The Massachusetts State House is pictured. via Wikimedia Commons

Calls for police reform have erupted across the country in the wake of the murders of George Floyd and Breonna Taylor among many others. Americans are demanding systemic change in the policing system, and protests for police reform have become national news. How exactly is police reform achieved? Here are four approaches.


Defund the police

At almost every rally across the nation following the murders of unarmed African Americans at the hands of officers, a cry to “defund the police” can be heard. However, people often mean different things when they say “defund the police.” 

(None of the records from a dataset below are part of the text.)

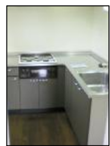
←トイレ内洗面台 →家事動作が便利な L形キッチン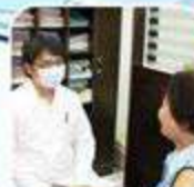
Pagkatapos Komunsulta Sa Doktor ...At Iba Pa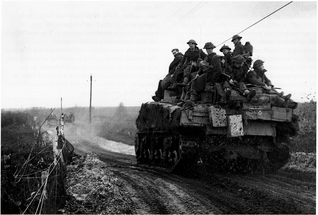
■ Shermans van de 13th/18th Hussars vervoeren mannen van de 43e Wessex Divisie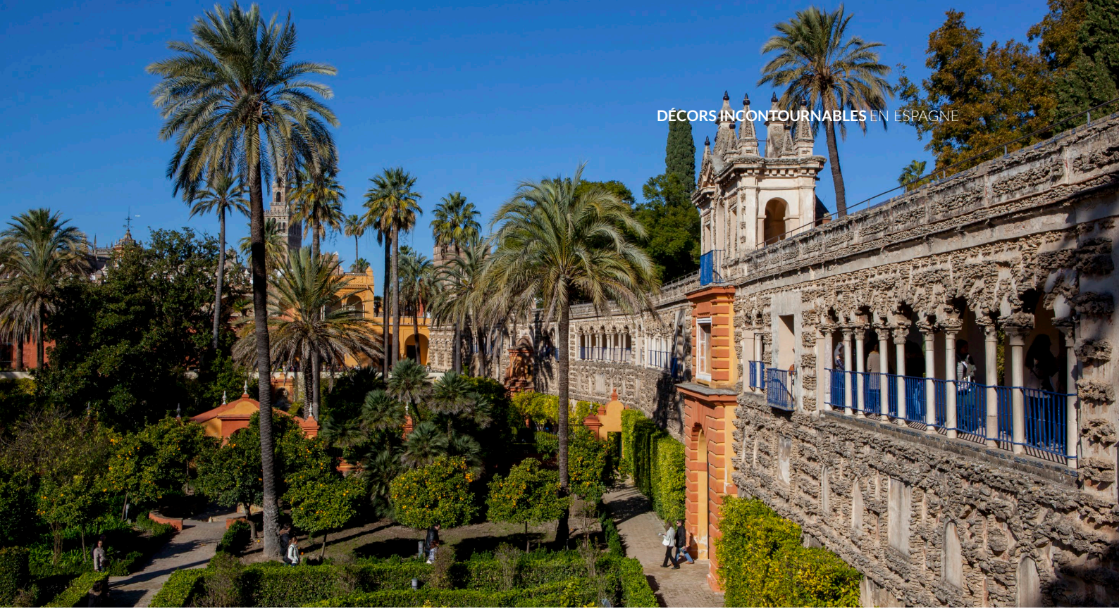
▲ JARDIN DE L'ÉTANG DE MERCURE ALCAZAR, SÉVILLE

La Casa de Pilatos est un autre des lieux qui ont captivé Ridley Scott, au point de choisir ce palais de style Renaissance italiano-mudéjar pour mettre en scène la résidence du préteur romain à Jérusalem. Visitez-le et explorez ses jardins d'une grande beauté, typiques des petits palais nobles du centre de la ville avec ses superbes azulejos et ses grilles plateresques. Mais ce n'était pas la première fois que le réalisateur succombait au charme de Séville. Dans 1492 : Christophe Colomb , un long métrage sur la découverte de l'Amérique, il avait déjà eu recours à ces deux localisations. Dans l'alcazar, le palais du Rey Don Pedro était la résidence de la reine Isabelle la Catholique (Sigourney Weaver) qui y recevait la visite de Christophe Colomb (Gérard Depardieu). Il s'agissait là d'un moment clé de l'histoire, à savoir l'origine des négociations au cours desquelles Christophe Colomb demandait à la reine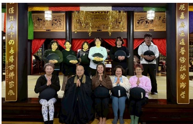
ヨガ坐禅の会 毎月一回 以前に比べ肩こり腰痛が軽減されているような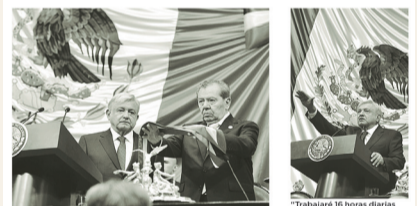
El mandatario está consciente de la expectativa que tienen los mexicanos sobre el nuevo gobierno.

Izquierda. Aspectos de la toma de protesta de AMLO en San Lázaro.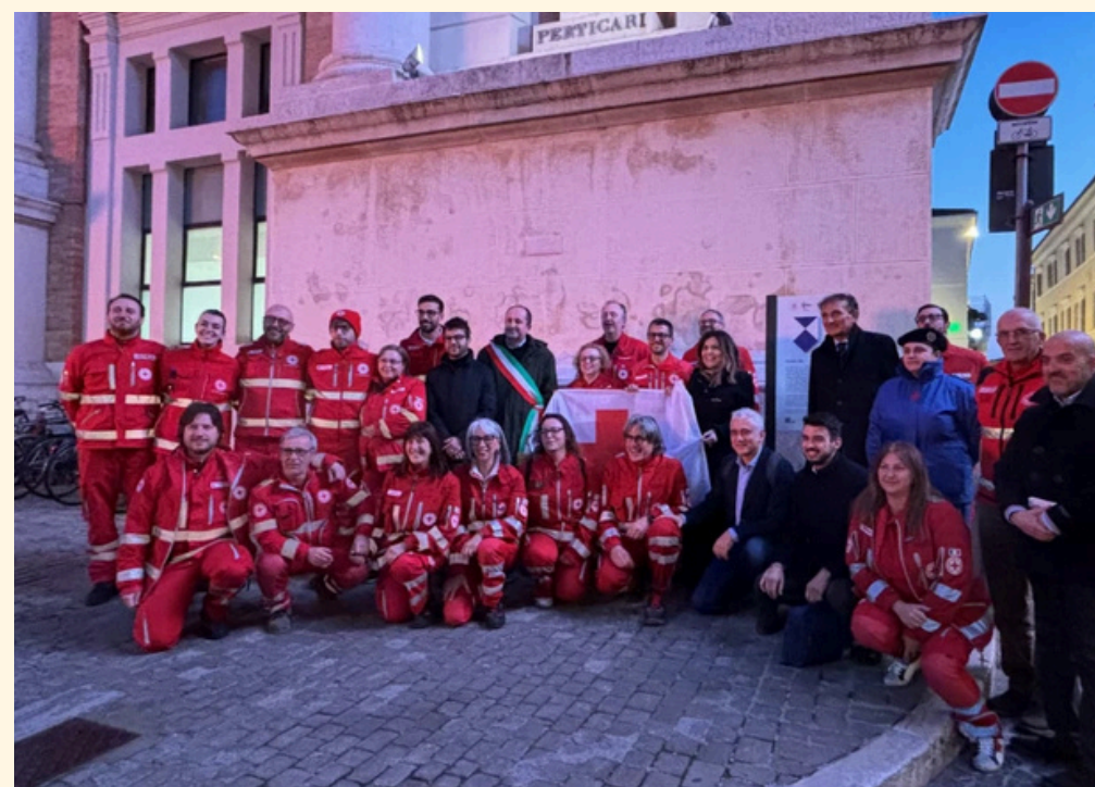
7 Marzo 2024 Piazza del Popolo

Nell'anno di Capitale Italiana della Cultura, a Pesaro sono stati apposti tre Scudi Blu, il simbolo internazionale di protezione dei beni culturali dai rischi dei conflitti armati, previsto dalla Convenzione dell'Aja del 1954.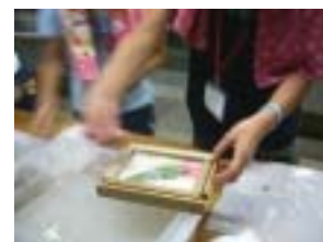
なかなかのできばえ！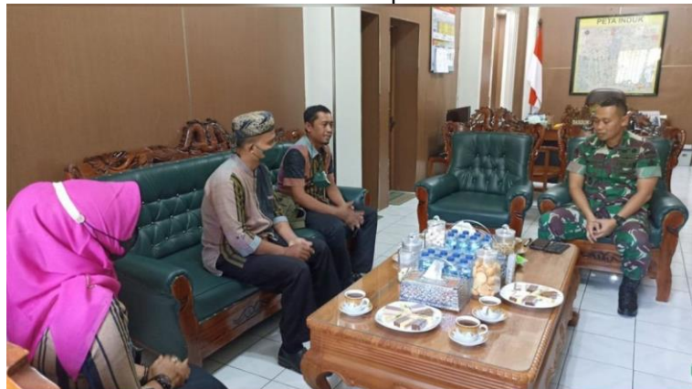
Gambar 2 Audiensi Bawaslu Kabupaten Klaten dengan Kodim 0273/Klaten

Some urge to abolish the police completely, advocating that to create a new model of community-led public safety is to start the system from scratch. Many supporters of defunding believe divesting from police can help end cruelty within the criminal justice system. Starting a new system where first responders include mental health professionals, social workers or community members could help end violence and hostility across the nation and lead to more education, jobs and mental health services for members of marginalized communities.

Others advocate to partially defund the police. Many support taking money police use to buy weapons and investing it in social and mental health services.

David Art, professor who teaches the course Political Perspectives on Race, Policing, and the Demonstrations in the U.S., prefers the latter definition. 

“Policing serves a very important function, and I can’t imagine a society without something that resembles policing, particularly in this country while we are awash with guns,” Art said. “Major reforms need to happen, many of which will involve a shift of resources … The answer will be putting resources in different directions.”

Instead, Art proposes reallocation of training resources and increasing funds for mental health resources. Being a police officer is a middle class job that does not require a college degree. Police officers in America only train for about four months, while European officers train for at least a year and attend university. To generate better police officers, Art says there should be a longer training period for police officers. This would provide resources to allow more social welfare programs and more in-depth deescalation training.

“Part of the reason we see all these things in this country has to do with our genuine underfunding of a lot of social services, police being one of them,” Art said. 

To make sure that police forces become more diverse in terms of gender, sexuality and race, Art says defunding the police should mean taking money away from weapons and militarization and reallocating it toward systemic social change.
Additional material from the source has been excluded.